Well I'm not sure how  hours  flying you are away from Australia. :wave::wave:But put the kettle on anyway


----------



## ~Lenore (Apr 11, 2015)

applecruncher said:


> Well, I'm getting low an cookies but I have plenty of ice cream.


*
Thank you for the ideas you posted.  Some I had not thought of.  I do the boiled eggs like you do, in fact four at a time for snacks and protein.  I have not thought of cooking bacon and freezing it.  

I have started buying milk in a gallon but I keep a half gallon fresh and freeze the rest in pint size containers to defrost when I need it.  I also froze some milk ice cubes to put in my ice coffee. 

I also bake bread in my bread machine.  I make an oatmeal, raisin, cinnamon loaf which makes great toast.

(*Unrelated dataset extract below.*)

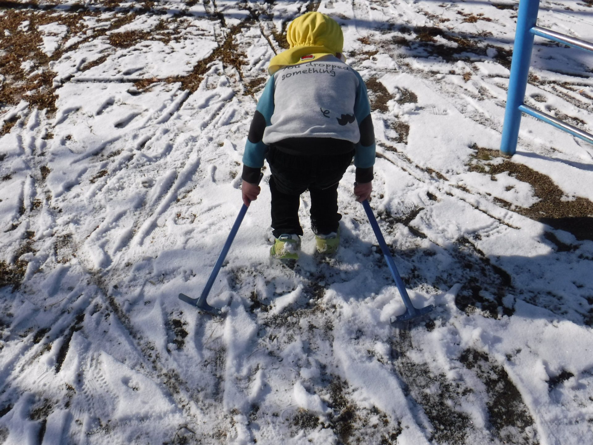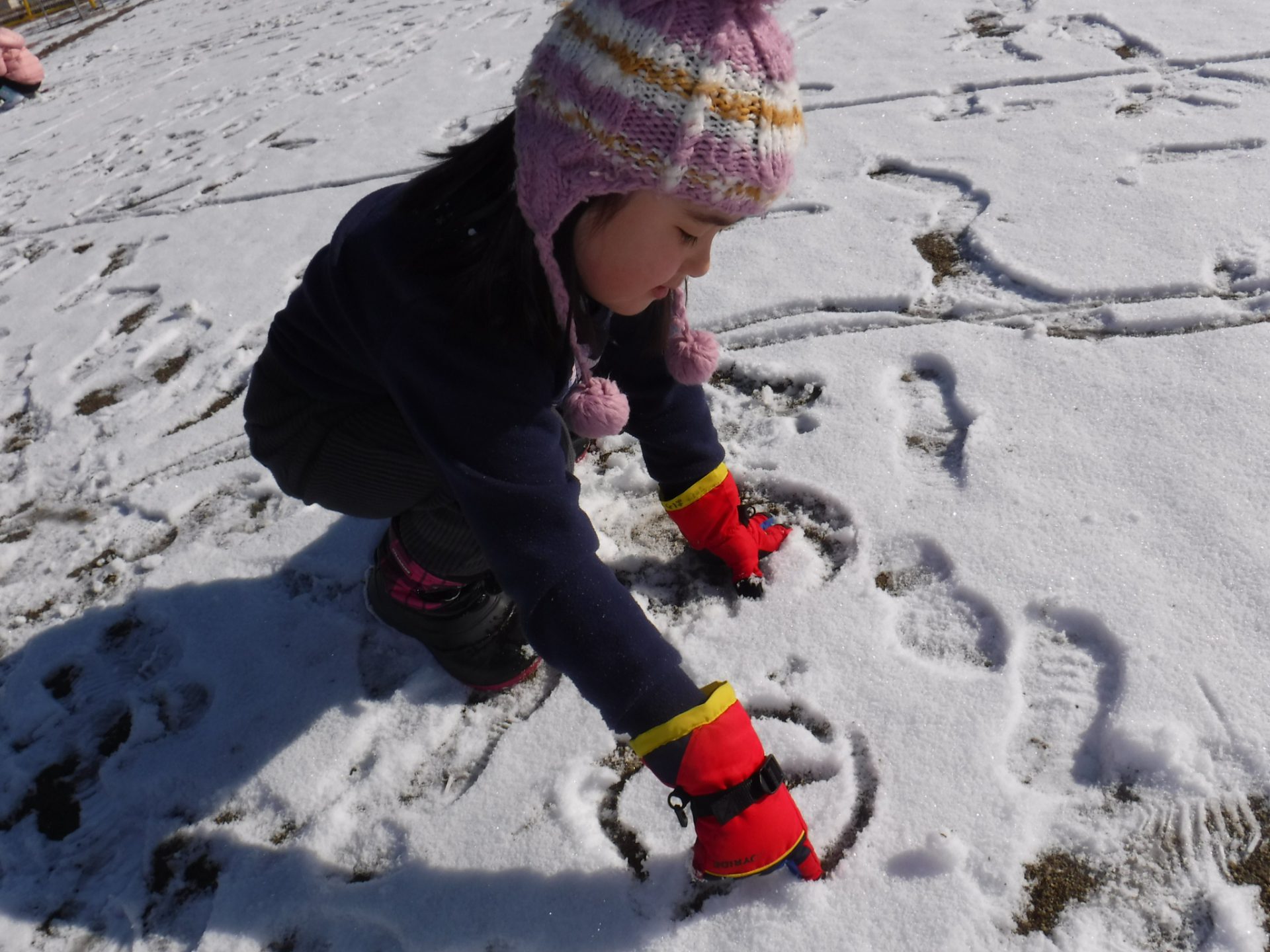 園庭に薄く積もった雪を見つけて大喜びの子ども達。

I really do appreciate any new ideas.  *


----------



## applecruncher (Apr 11, 2015)

I would love to bake my own bread but I'd eat too much of it. A friend bakes delicious bread, her house always smells _wonderful. _She said she hasn't bought bread in years.

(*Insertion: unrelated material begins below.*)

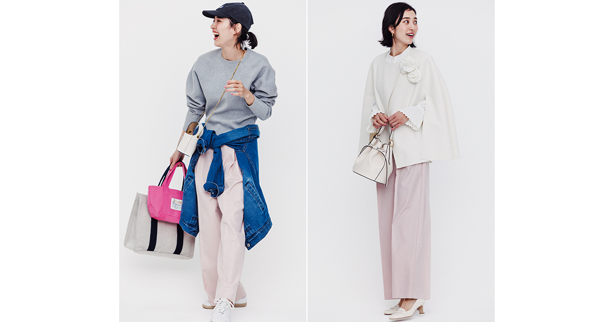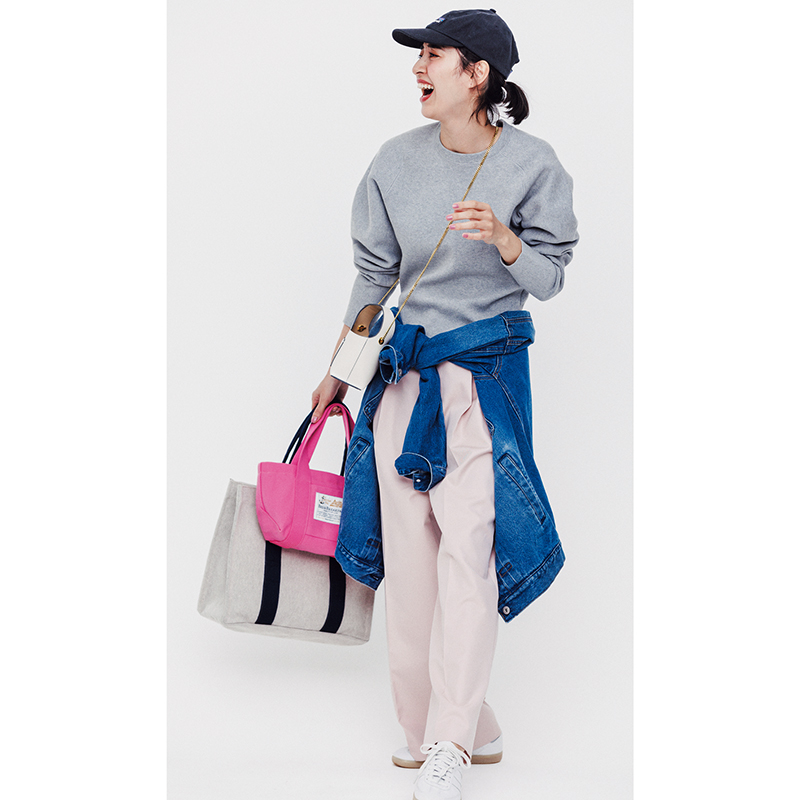 パンツ¥17,930(アンクレイヴ スタンダード/アンクレイヴ〈オンワード樫山〉)ニット¥24,200(アルアバイル)腰に巻いたジャケット¥19,800(アルページュストーリー)斜めがけしたバッグ¥28,600(トーヴ/トゥモローランド)ミニバッグ¥11,000(ベッド&ブレックファスト/グリードインターナショナルトウキョウストア)トートバッグ¥37,950(フランソワ レニエ/ヤマニ)スニーカー、キャップ/スタイリスト私物

Another thing - I also love sausage for breakfast. I buy a pack of country ground sausage, add a few pieces of chopped onion, a little oatmeal to cut the grease, form about 6 - 8 patties and cook in a skillet then freeze. As with bacon, I take out what I need with breakfast. Love sausage on a bagel.


----------



## Steve (Apr 11, 2015)

Its not easy cooking for one.. I know..
When I took my cooking course in Montreal, I was a sous chef for Chef Maurice for about 3 weeks..
He cooked 3 meals a day plus 2 snacks for 75 ... That was 7 days a week..  Need I say how I got used to making huge meals, but since I married Annmarie (1997) I cook barely enough for the 2 of us.. I try NOT to have leftovers but that is impossible sometimes.. 
Freezing leftovers or extras is the only answer.. Keeping leftover food in storage containers in the fridge is OK but you will end up eating the same meal day after day which is a NO-NO....
One problem is, you keep cooking and you keep freezing.. Sooner or later you MUST start using up the frozen meals..
Not easy but it is done.......


----------



## Lon (Apr 13, 2015)

I live alone and cook for one most of the times. Sometimes I will invite a lady friend and then cook for two. I buy a large package of boneless chicken breasts and put individual breasts sufficient for one person in a zip lock bag and put in the freezer. I do the same with pork loin,cubed beef, salmon & halibut. I love stir fry and keep bags of stir fry veggies in the freezer as well. I will also use fresh produce from time to time. Meal preparation is fast and simple as is the cooking time. I will serve the stir fry with varied sauces over low carb rice or noodles. I love meat loaf and make a very good one. I will do a three pounder and have plenty of left overs for a later meal.


----------



## ~Lenore (Apr 13, 2015)

*I make meat loaf mixture and bake it in muffin pans.  I then fast freeze them and then wrap them individually and put them in a freezer zip lock bag for individual meals  later.   *


----------



## hollydolly (Apr 13, 2015)

Lenore what a fantastic idea, why have I never thought of that?  How long do they take to cook in the oven?


----------



## ~Lenore (Apr 13, 2015)

Steve said:


> Its not easy cooking for one.. I know..
> 
> One problem is, you keep cooking and you keep freezing.. Sooner or later you MUST start using up the frozen meals..
> Not easy but it is done.......



*That is my problem, I usually do not feel like reheating those frozen left overs!  I am really trying to be better organized about it and using them.  I really need to do that now because the frozen section in mu freezer is getting too full. :-flustered:  *


----------



## applecruncher (Apr 13, 2015)

I agree, good idea Lenore!

Also, Rachel Ray had a recipe she called “Stuffin Muffins”. I haven’t tried yet, but it sounded really good.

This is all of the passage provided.